(Exercise objective)
Set the listing down again in full, word for word, with the pictures left out.
══ Dataset content ══
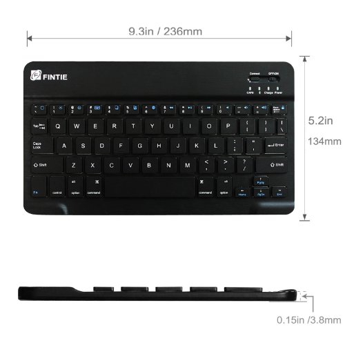 Fintie Ultrathin (4mm) Wireless Bluetooth Keyboard for iOS (Apple iPad Air, iPad Mini 2, iPad 2 / 3 / 4) Function Keys For iOS, 9-Inch Black
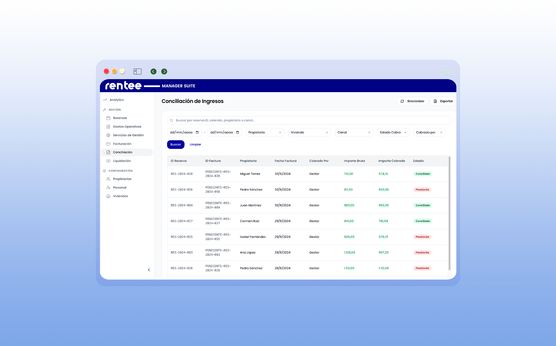 La plataforma financiera completa para gestores vacacionales: concilia, liquida y paga sin salir de Rentee.
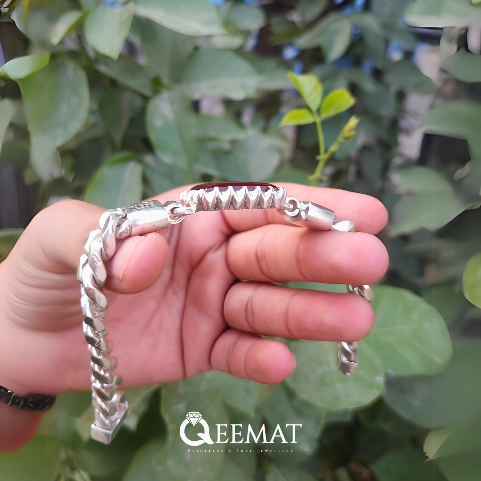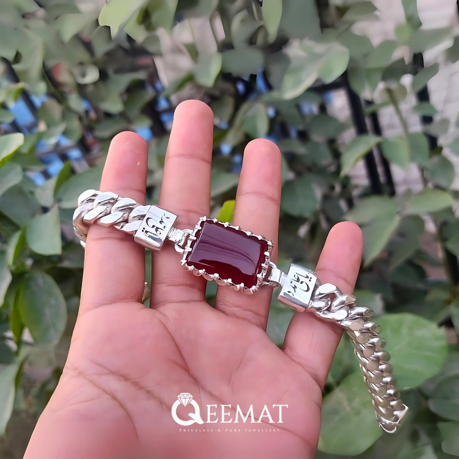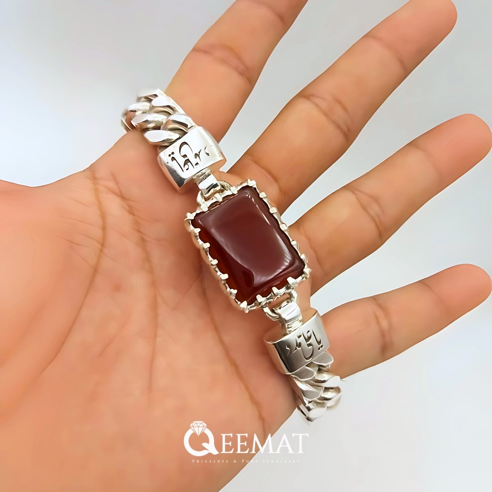 Flanking the stone on either side are silver segments engraved with Urdu calligraphy, which adds a cultural and spiritual elegance to the overall design. However, the Urdu engraving is completely customizable — any name, date, logo, or meaningful symbol can be engraved on these silver blocks instead, making the bracelet deeply personal and ideal for gifting. It can a couple name one on each side of the stone.
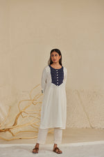 White Cotton Straight Kurta with Ikat Panel
═══
(Response to this exercise)
 Fintie Ultrathin (4mm) Wireless Bluetooth Keyboard for iOS (Apple iPad Air, iPad Mini 2, iPad 2 / 3 / 4) Function Keys For iOS, 9-Inch Black
 La plataforma financiera completa para gestores vacacionales: concilia, liquida y paga sin salir de Rentee.
 Flanking the stone on either side are silver segments engraved with Urdu calligraphy, which adds a cultural and spiritual elegance to the overall design. However, the Urdu engraving is completely customizable — any name, date, logo, or meaningful symbol can be engraved on these silver blocks instead, making the bracelet deeply personal and ideal for gifting. It can a couple name one on each side of the stone.
 White Cotton Straight Kurta with Ikat Panel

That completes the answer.